### TASK OBJECTIVE:
Your job is to print, exactly, the lines in the data below from the line with "ЕГЭ существует уже" through the line with "Новая ТСЗМ трудится в южном карьере", both included, and to omit any picture.
(Beginning of AVAILABLE DATA)
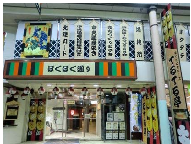
～ 中央通り・正面入口～
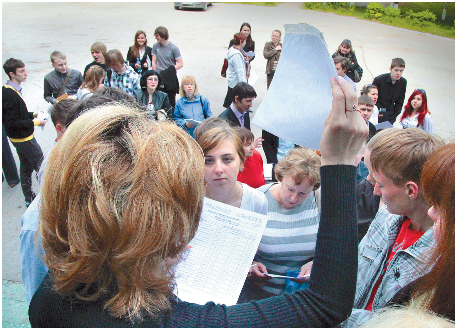
ЕГЭ существует уже 15 лет и сильно изменился за это время

Предмет, название которого с греческого переводится как «природа», среди тульских выпускников по популярности остается на уровне прошлого года. И это несмотря на курсы подготовки, ко-
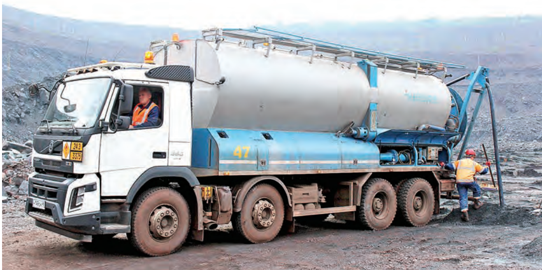
Новая ТСЗМ трудится в южном карьере

В карьере Михайловского ГОКа успешно трудится новая транспортно-смесительно-зарядная машина, поступившая в рамках программы обновления производственных мощностей предприятий Металлоинвеста.
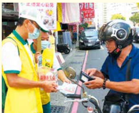
▲大寮分會-二苓市場募款活動給人福田。
(End of AVAILABLE DATA)
### ANSWER FOR THIS EXERCISE:
ЕГЭ существует уже 15 лет и сильно изменился за это время

Предмет, название которого с греческого переводится как «природа», среди тульских выпускников по популярности остается на уровне прошлого года. И это несмотря на курсы подготовки, ко-
Новая ТСЗМ трудится в южном карьере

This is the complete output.